The expression I have in mind for today is “spoiler alert.” When you buy the phrase, you buy the presuppositions and as long as you are using the phrase—no matter what else you say about it—you are enmeshed in those presuppositions. You can say, “I like spoiler alerts” all you want, but if you keep calling them “something that spoils our pleasure,” it won’t matter. Take my word for that.

Last week, I went looking for something else to call “it.” Usually “it” is “how the story ends.” So here’s the infrastructure that supports it.

The best way to appreciate a narrative is to follow its course from beginning to end.

The tension of unresolved conflicts and nebulous but frightening threats may build up, but leaving them to the very end is the right thing to do.

You might want to cheat and “read the ending first,” but you shouldn’t. It shows a lack of respect for the author and it make you look bad as a reader.

Following the development of the plot so as to maximize the tension—and then to enjoy the glories of the resolution—is really the only way to do it right.

Therefore, I will not “spoil” the narrative by telling you what happens. And if you ask me to, I will refuse because if I did, it would “spoil things.”

Does any of that sound familiar? I used to get it all the time. I have beaten it down among my friends and acquaintances. They still roll their eyes when I ask how the story comes out, but they grant me this little oddity. “We know,” they say, “You like spoilers.”

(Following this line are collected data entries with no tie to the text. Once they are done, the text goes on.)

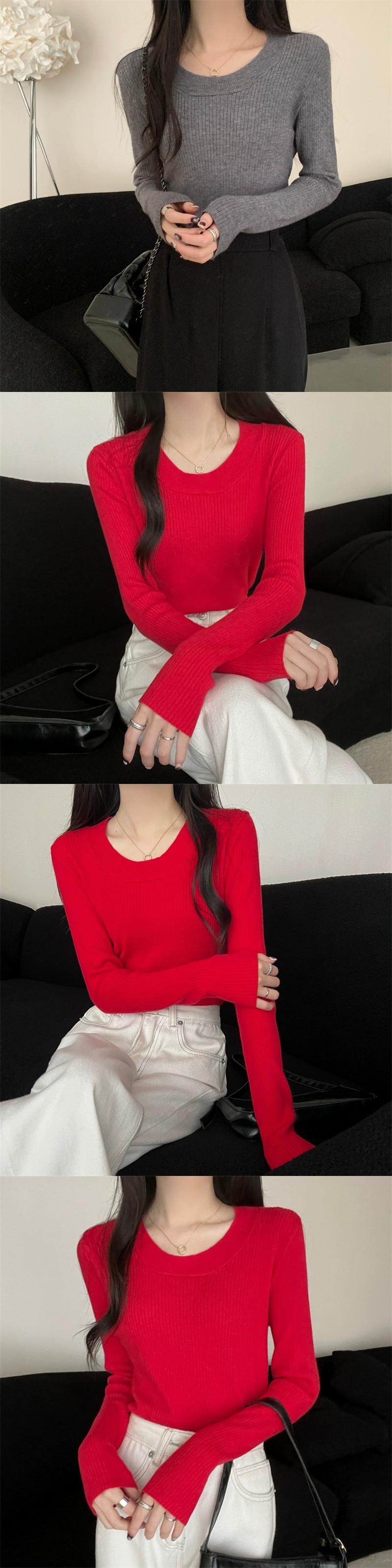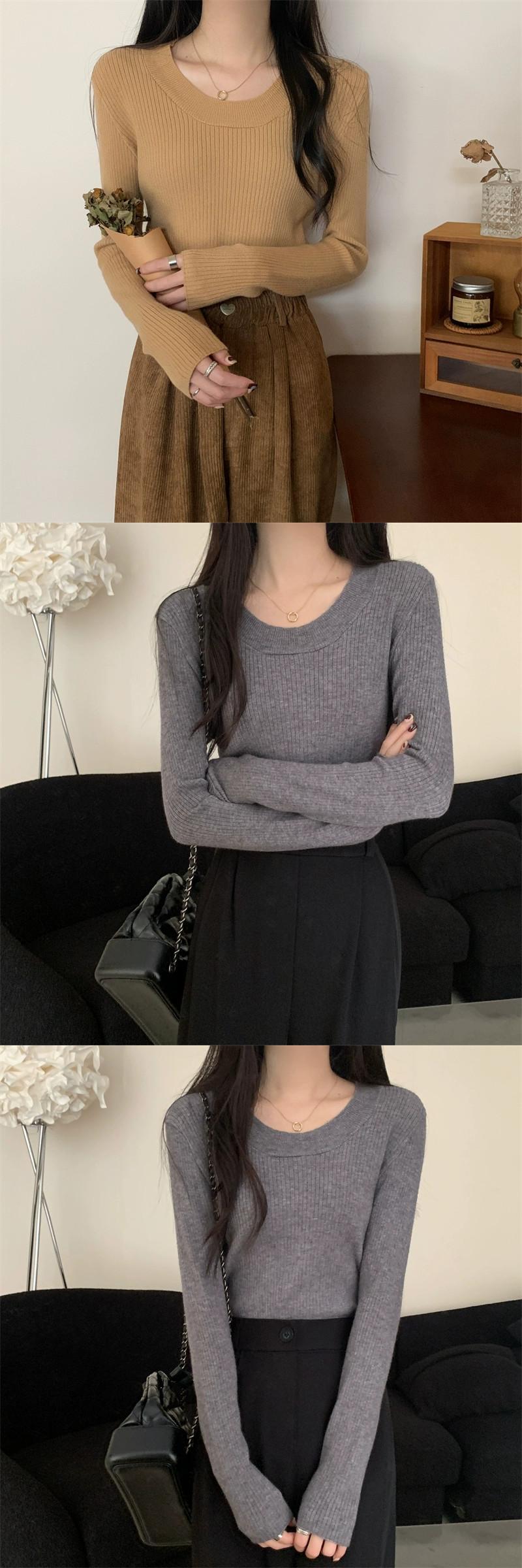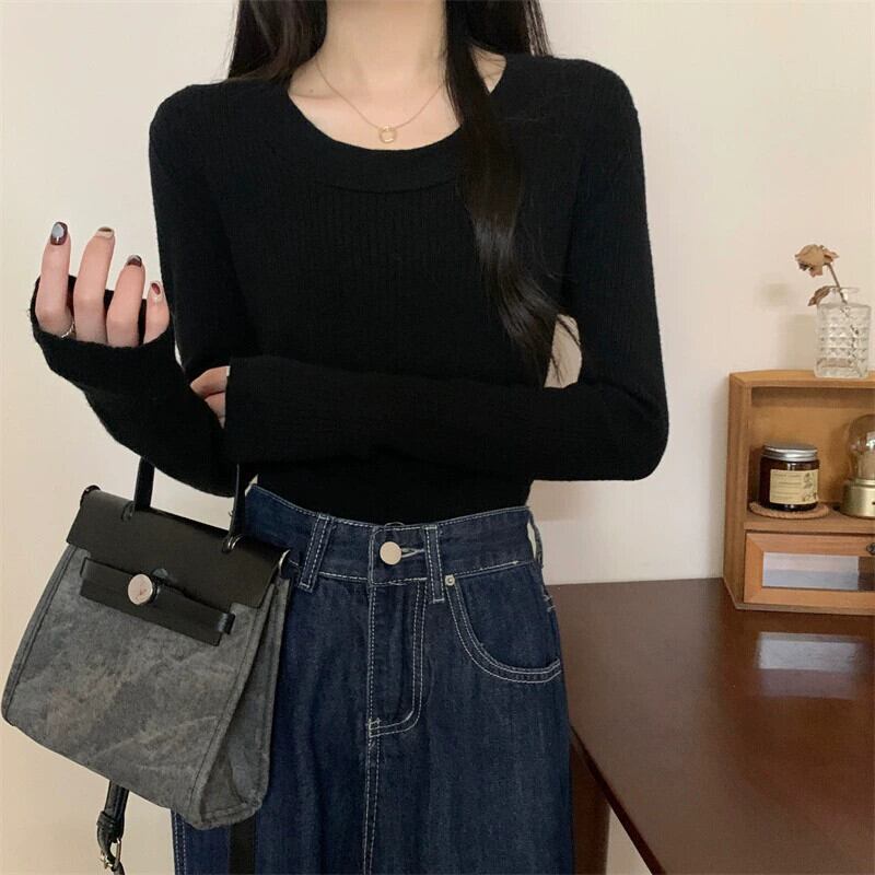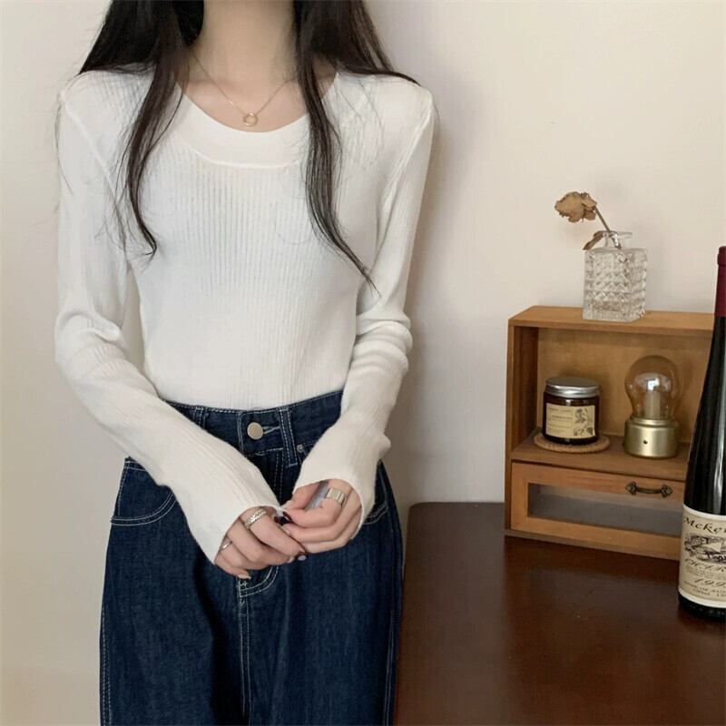 ラウンドネックニットボトムシャツ2023新作レディース秋冬ファッショナブルでファッショナブルなインナースタイル痩身と万能長袖セーター ロング オータム 秋物 ウィンター 冬物 Oネック 7460033047957214 | framboise21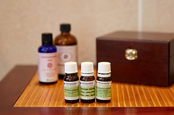「プラナロム(PRANARÔM)」は、医療グレードの精油ブランドで、化学合成物質や農薬を使わないオーガニック農法で育てた植物を使用し、世界中のアロマセラピストから信頼を集める高品質オイルです。体調によって、心地よく感じる香りは変化し、選んだ香りは今の自分に必要な作用をもたらすといわれています。温める、冷やす、リラックスさせるなど、体調に合わせたオリジナルオイルでケアが受けられます。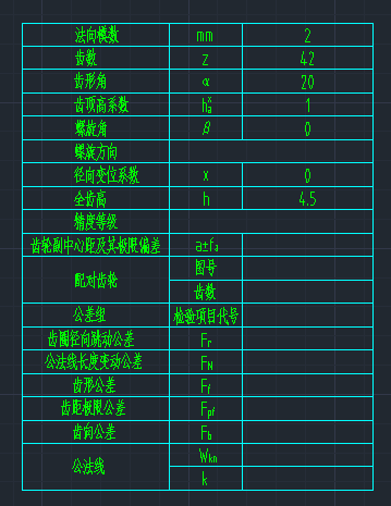 “插入齒輪參數對照表”:是否插入齒輪參數對照表,此表雙擊即可編輯。如下圖4所示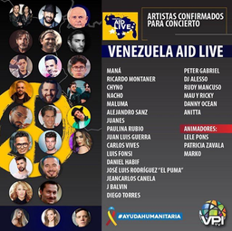 brotherscam(25)•in #spanish•2526 days ago¡¡Venezuela Aid Live Gran concierto!!Hasta ahora son 24 los cantantes que han confirmado su participación en el concierto por el ingreso de la ayuda humanitaria a Venezuela, el concierto llamado "V...11$0.00brotherscam(25)•in spanish•2526 days ago¡¡Venezuela Aid Live Gran concierto!!Hasta ahora son 24 los cantantes que han confirmado su participación en el concierto por el ingreso de la ayuda humanitaria a Venezuela, el concierto llamado "V...11$0.00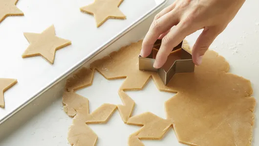 Dip cookie cutters in flour before cutting. This will make it easier to cut out shapes. To make your work easier, cut shapes as close together as possible. This also helps ensure your cookies are as tender as possible, since every time you reroll your dough scraps, the dough gets a little tougher.
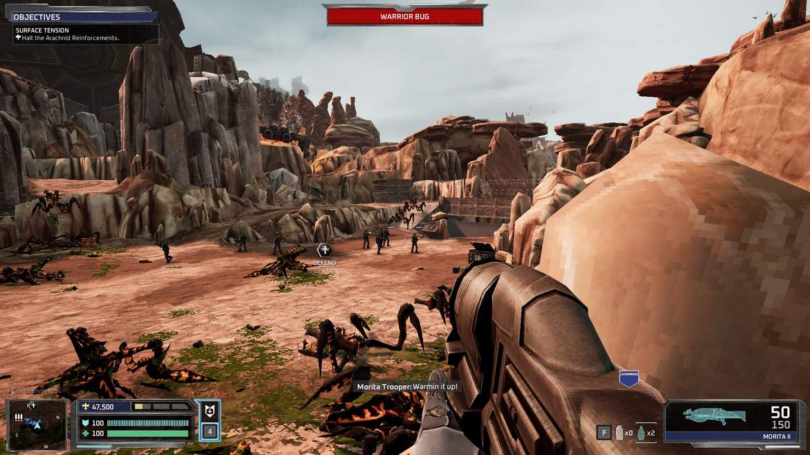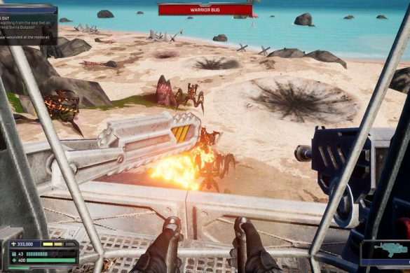 Vapnen i sig gör däremot ett helt okej jobb med att bära upp spelets tempo. De känns tillräckligt kraftfulla och responsiva för att varje möte med insekterna ska bli underhållande, även om arsenalen i slutänden inte är särskilt minnesvärd. Om du däremot har stenkoll på Starship Troopers, kommer du känna igen en och annan puffra. Vapen som biter ordentligt i de olika fiender som hittas här. Flygande skalbaggar som skjuter eld eller frätande syra. Eller samma stora kreatur som sprutar mängder av lava. Det är en god mix, men samtidigt märks det mot slutet av sista banan att det ändå är stramt med fiender totalt. Här hade jag gärna sett fler – och framförallt bossar. Något som spelet saknar till stor del. Där andra spel får dig på tårna i bosstrider är det snarare just mängden fiender som spelar roll här – särskilt i de högre svårighetsgraderna där du kan dö på två hugg!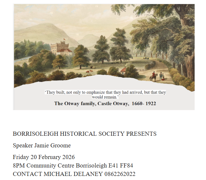 Borrisoleigh Tidy Towns is regrouping for the Spring and will meet in the Square on the 1st Saturday of each month at 10.30am. The next meeting is the 7th February. All are welcome to come along.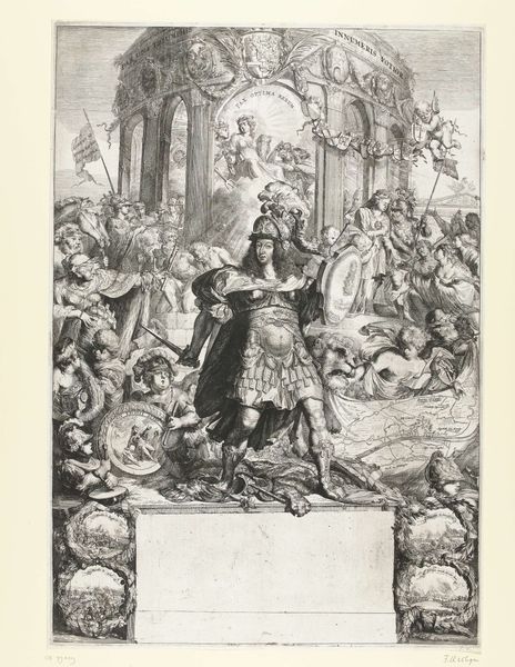 This etching, titled ‘Personification of Europe Freed from the Net of Wars by European Rulers,’ was created around 1742 by Jan Ruyter. The image reflects Europe’s tumultuous state during the 18th century, a time marked by frequent conflicts and power struggles. The central figure, a female personification of Europe, is depicted being released from a net, symbolizing the wars that ensnared the continent. The European rulers, adorned in classical armor, stand as both liberators and, perhaps, instigators of these conflicts. This portrayal invites us to consider the complex relationship between power, gender, and national identity. The female figure embodies Europe, casting it as a vulnerable entity in need of male protection. However, who protects her from her protectors? The image evokes a sense of hope amidst the ruins of war, yet it also acknowledges the ever-present threat of future conflicts. How might we re-imagine these power dynamics today, in an era still marked by conflict and the struggle for liberation?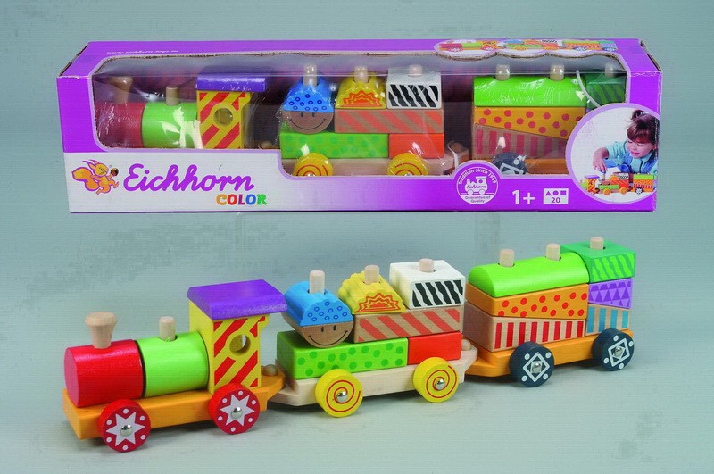 Eichhorn Паровозик-сортер, 41 см, 18 деталейВ данный момент этот товар отсутствует в продаже. Возможно, у нас найдется аналогичный или похожий товар здесь. Деревянный паровозик Eichhorn состоит из паровозика и двух вагончиков. Общая длина состава - 41 см. Паровозик - это одновременно и пирамидка: каждый вагончик и паровозик состоит из платформы с тремя вертикальными палочками, на которые надеваются детали. |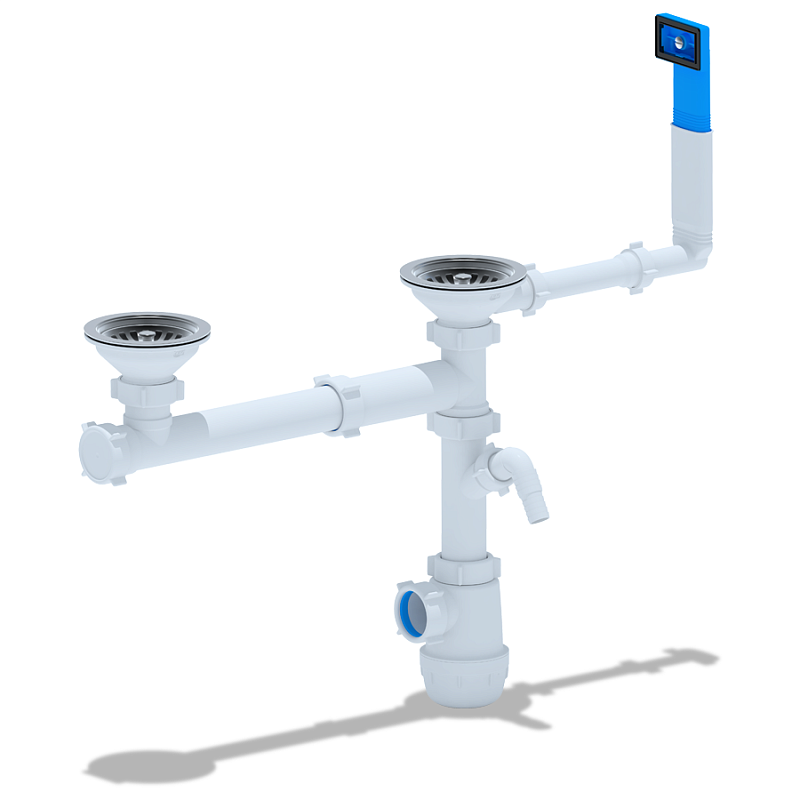 Двойной слив обеспечивает одновременное подключение двух чаш, что особенно удобно для кухонь с большой мойкой.

spoilerActually, I don’t like spoilers; I just define them differently. Let’s start back a little. A “spoiler” would be something that spoils your enjoyment of the narrative, right? So you would think that the first thing we need to know is, “What is it about the narrative—we’ll come back to that expression—that gives you pleasure; that you would want to keep from being spoiled?” What I like best, particularly if the narrative is about a crime to be solved or an escape to be made or a relationship to be successfully begun or a character flaw to be overcome, is to know how it starts and how it ends.

That’s what I like. Then I can watch the intermediate events slide into place just exactly where I know they need to be. It’s the kind of pleasure that many people get when they read the book or see the movie the second time. For many kinds of stories, I get it the first time. So…anything that spoiled that sequence—the first, last, middle sequence—would be a “spoiler.”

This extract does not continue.